Note: This quirk works in all scenarios, regardless of whether the
integrated GPU is disabled in the BIOS.
I don't know how the integrated GPU is related to this USB controller,
but I assume this fact is important somehow?
This bug is due to a BIOS bug with the initialization. We also posted in
parallel a different workaround that fixes the initialization to match what
the BIOS should have set via the GPU driver.

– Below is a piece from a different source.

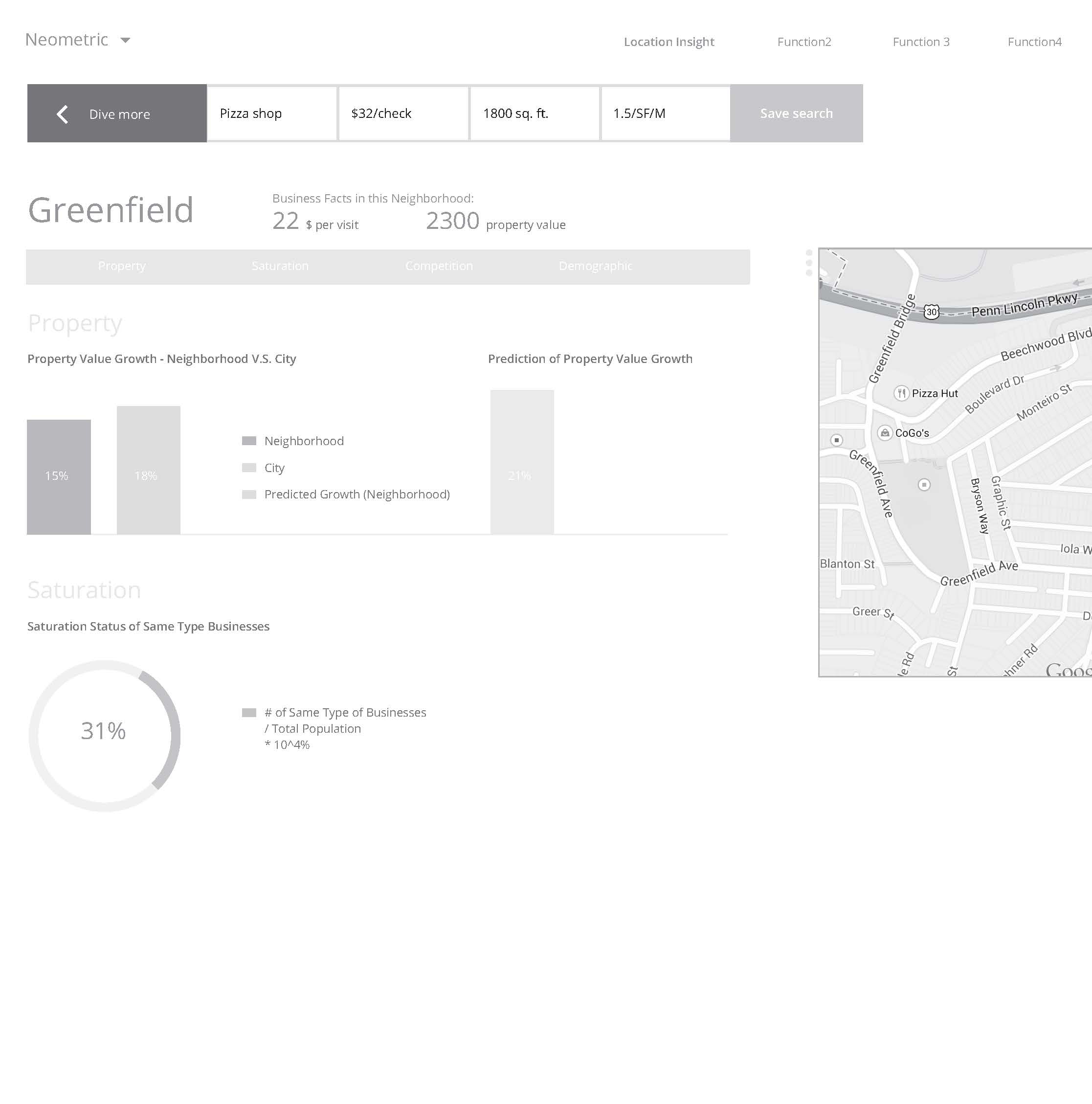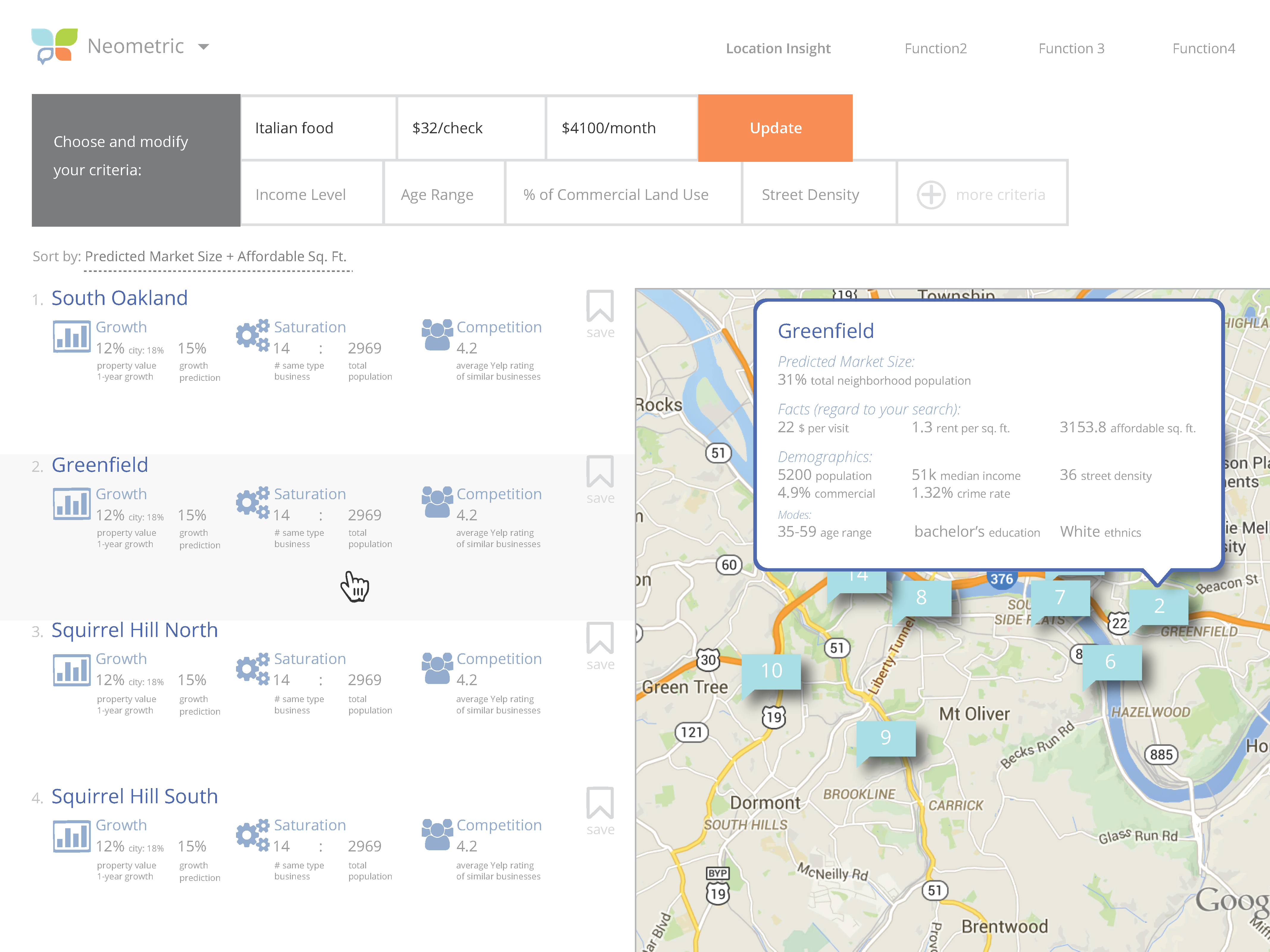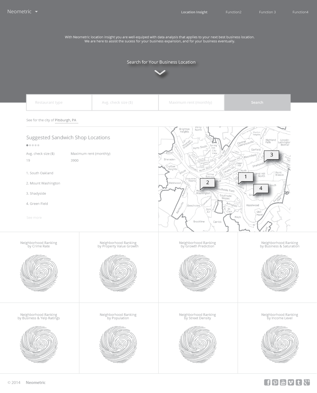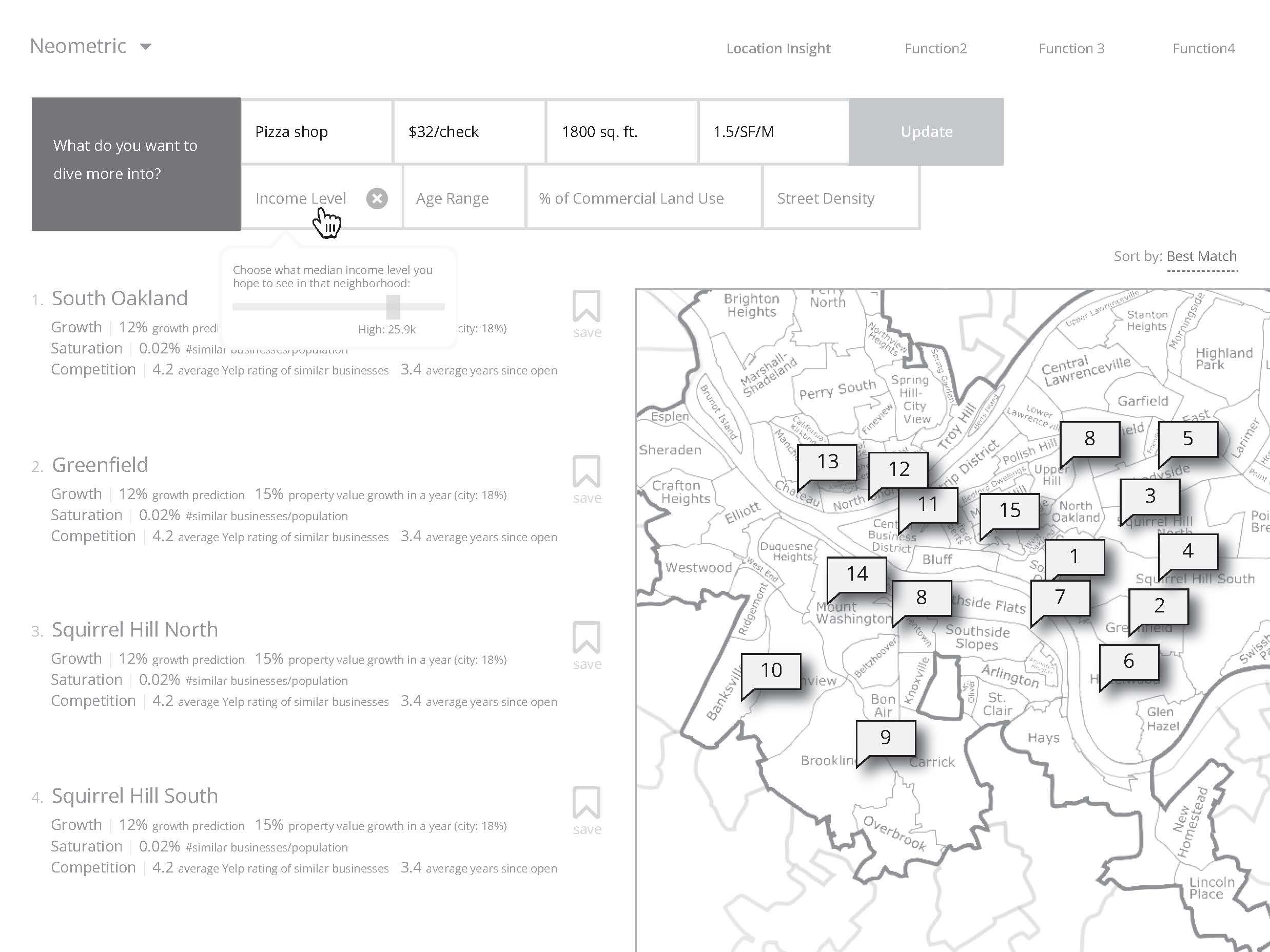 The vision of this iteration of the product is to create a web application that allows a user to search for a new location within Pittsburgh, providing:

It should be going in for 6.3-rc2.
https://gitlab.freedesktop.org/agd5f/linux/-/commit/07494a25fc8881e122c242a46b5c53e0e4403139
That nbio_v7.2.c patch and this patch don't look anything alike. It
looks like the nbio_v7.2.c patch might run once? Could *this* be done
once at enumeration-time, too?
They don't look anything alike because they're attacking the problem
from different angles.
The NBIO patch fixes the initialization value for the internal
registers. This is what the BIOS "should" have done. When the internal
registers are configured properly then the behavior the kernel expects
works as well.
The NBIO patch will run both at amdgpu startup as well as when resuming
from suspend.
This patch we're discussing treats the symptoms of the deficiency and
avoids the impact.
This patch runs any time the controller is runtime resumed. So, yes it
will run more frequently. Because this patch is treating the symptoms
it needs to be applied every single time the controller exits D3.